Substituting the last equation in Eq. (3), we get:

$$ {\text{EXPY}}_{i} = \mathop \sum \limits_{k} \mathop \sum \limits_{j} \frac{{\left( {\frac{{x_{ik} }}{{X_{i} }}} \right)\left( {\frac{{x_{jk} }}{{X_{j} }}} \right)}}{{\mathop \sum \nolimits_{j} \left( {\frac{{x_{jk} }}{{X_{j} }}} \right)}}\left( {Y/L} \right)_{j} = \mathop \sum \limits_{k} \mathop \sum \limits_{j} \frac{{\left( {\frac{{x_{ik} }}{{X_{i} }}} \right)\left( {\frac{{x_{jk} }}{{X_{j} }}} \right)}}{{\mathop \sum \nolimits_{j} \left( {\frac{{x_{jk} }}{{X_{j} }}} \right)}}A_{j} e^{{\gamma {\text{IQ}}_{j} }} \left( {\frac{K}{Y}} \right)_{j}^{{\frac{\alpha }{1 - \alpha }}} $$
(6)

This is the equation that qualitatively delivers the link between IQ and steady-state sophistication of exported products. Building upon this intuition, we formulate the main hypothesis to be tested in the paper. We thus empirically test the hypothesis that two countries that differ only in average IQ—everything else being constant across countries (ceteris paribus)—manifest differences in economic sophistication. That is, if one of the two countries moves to a higher IQ level, in the steady-state, economic sophistication would be greater in the higher IQ country.

The following section describes analytically the data and formally sets the equation to be tested which is augmented by additional controls that correlate with the measure of economic sophistication.

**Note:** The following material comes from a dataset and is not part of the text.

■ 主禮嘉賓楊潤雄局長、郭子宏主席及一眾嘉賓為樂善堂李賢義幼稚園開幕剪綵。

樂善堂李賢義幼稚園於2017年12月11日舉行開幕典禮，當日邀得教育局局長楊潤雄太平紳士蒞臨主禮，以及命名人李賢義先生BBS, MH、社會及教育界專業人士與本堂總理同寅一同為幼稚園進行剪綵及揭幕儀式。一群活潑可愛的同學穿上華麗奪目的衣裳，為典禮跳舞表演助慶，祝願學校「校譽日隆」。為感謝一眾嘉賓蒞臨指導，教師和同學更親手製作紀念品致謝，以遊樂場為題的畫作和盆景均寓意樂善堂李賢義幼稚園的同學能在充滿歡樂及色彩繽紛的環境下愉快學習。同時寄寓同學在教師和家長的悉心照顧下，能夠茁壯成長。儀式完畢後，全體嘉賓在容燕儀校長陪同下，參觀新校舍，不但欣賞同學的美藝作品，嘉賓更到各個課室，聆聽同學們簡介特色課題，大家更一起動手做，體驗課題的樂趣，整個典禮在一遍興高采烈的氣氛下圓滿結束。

4 Data and estimation strategy

We measure economic sophistication in year 2010 using the respective value of the Economic Complexity Index (ECI) available at the MIT’s Observatory of Economic Complexity (https://atlas.media.mit.edu/rankings), which is calculated according to Hidalgo and Hausmann’s (2009) economic complexity formula. The ECI is a measure of diversity and sophistication of a country’s export structure (Hausmann and Hidalgo 2014). The ECI captures information about an economy’s level of development that is different from that captured, for example, by the measures of GDP growth or per capita GDP.

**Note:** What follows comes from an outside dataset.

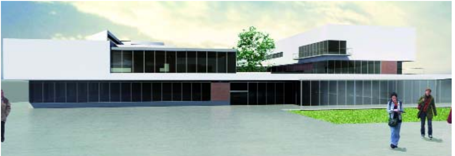
Imatge virtual de la façana principal de la futura biblioteca, que estarà presidida per una gran plaça

Les obres del nou equipament, que es construirà al barri Centre, s'iniciaran a principi del pròxim any 2009 i tenen un pressupost de 16 milions d'euros
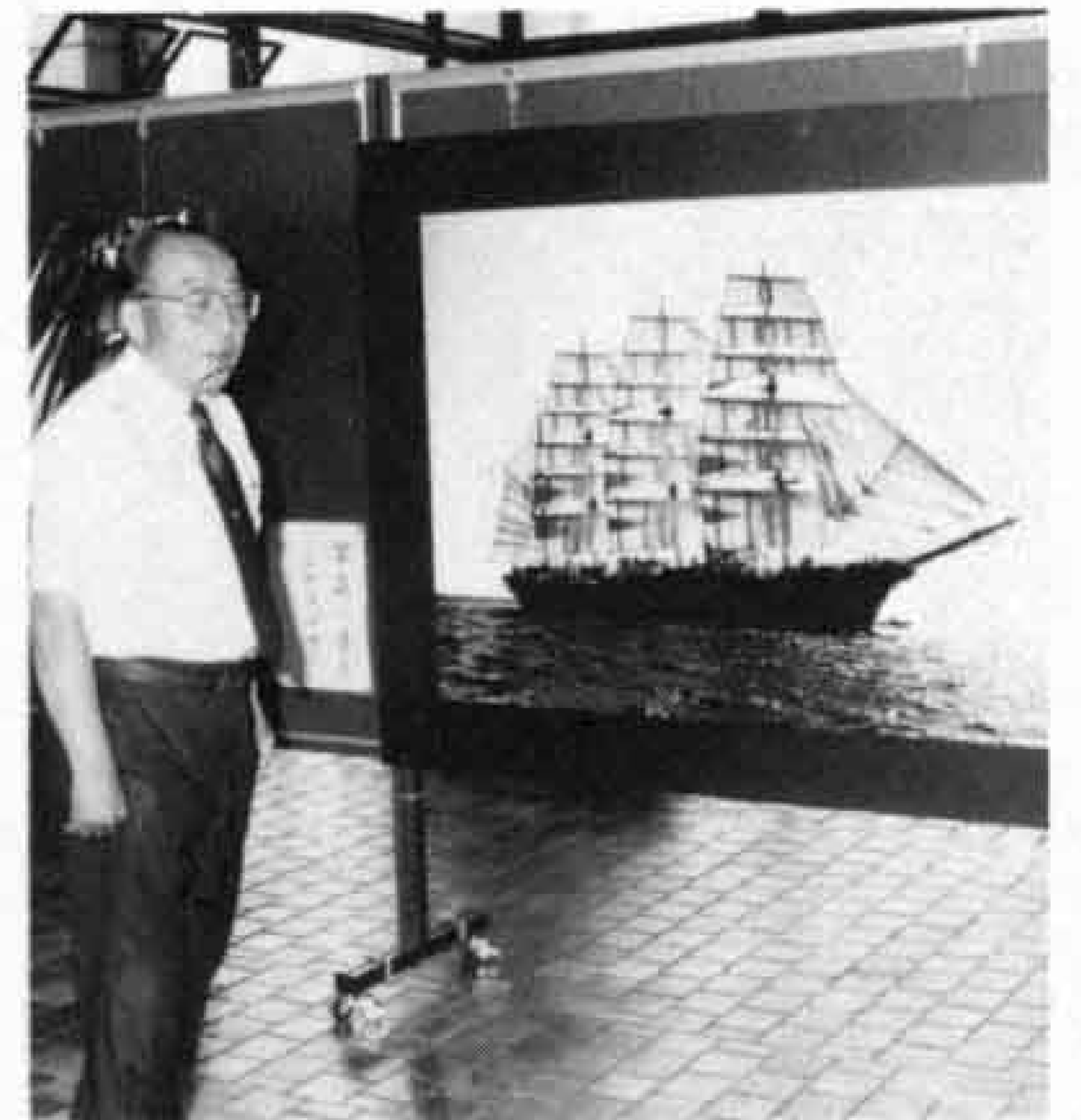
△美しい帆船の写真展

To illustrate this difference, Fig. 1 compares the product structures of the economies of Chile and Ecuador with those of Malaysia and Thailand, respectively (see also the discussion in Hartmann et al. 2017). When comparing the countries in terms of GDP per capita (source: World Development Indicators, World Bank), the economies of Chile ($18,256 at PPT in current 2011 US$) and Ecuador ($9163) are similar to the economies of Malaysia ($20,675) and Thailand ($13,309), respectively, but their productive structures differ significantly. Analytically, Chile and Ecuador largely export natural resources, raw materials and agricultural products, while, in contrast, Malaysia and Thailand export a diverse spectrum of electronic parts, peripherals and accessories as well as machinery, like trucks and cars. The ECI captures these differences in productive structures, assigning higher values to the more sophisticated, diversified and complex economies of Malaysia and Thailand (in 2010, Malaysia ranked 32nd while Chile ranked 68th and Thailand ranked 28th while Ecuador ranked only 95th).

Fig. 1
figure 1

Source: https://atlas.media.mit.edu

(Colored) Export structure of Malaysia (a), Chile (b), Thailand (c) and Ecuador (d) in 2010.

Following a series of papers mentioned in the related literature section and in Appendix [e.g., Weede and Kämpf (2002) and Hafer and Jones (2015) among others], we measure Intelligence using the IQ data by Lynn and Vanhanen (2006) and Lynn and Meisenberg (2010). In the baseline results, we use the data by Lynn and Vanhanen (2006), so as not to allow simultaneity to kick in. However, this is not crucial and in the robustness section we use the data for the year 2010, where our results remain intact.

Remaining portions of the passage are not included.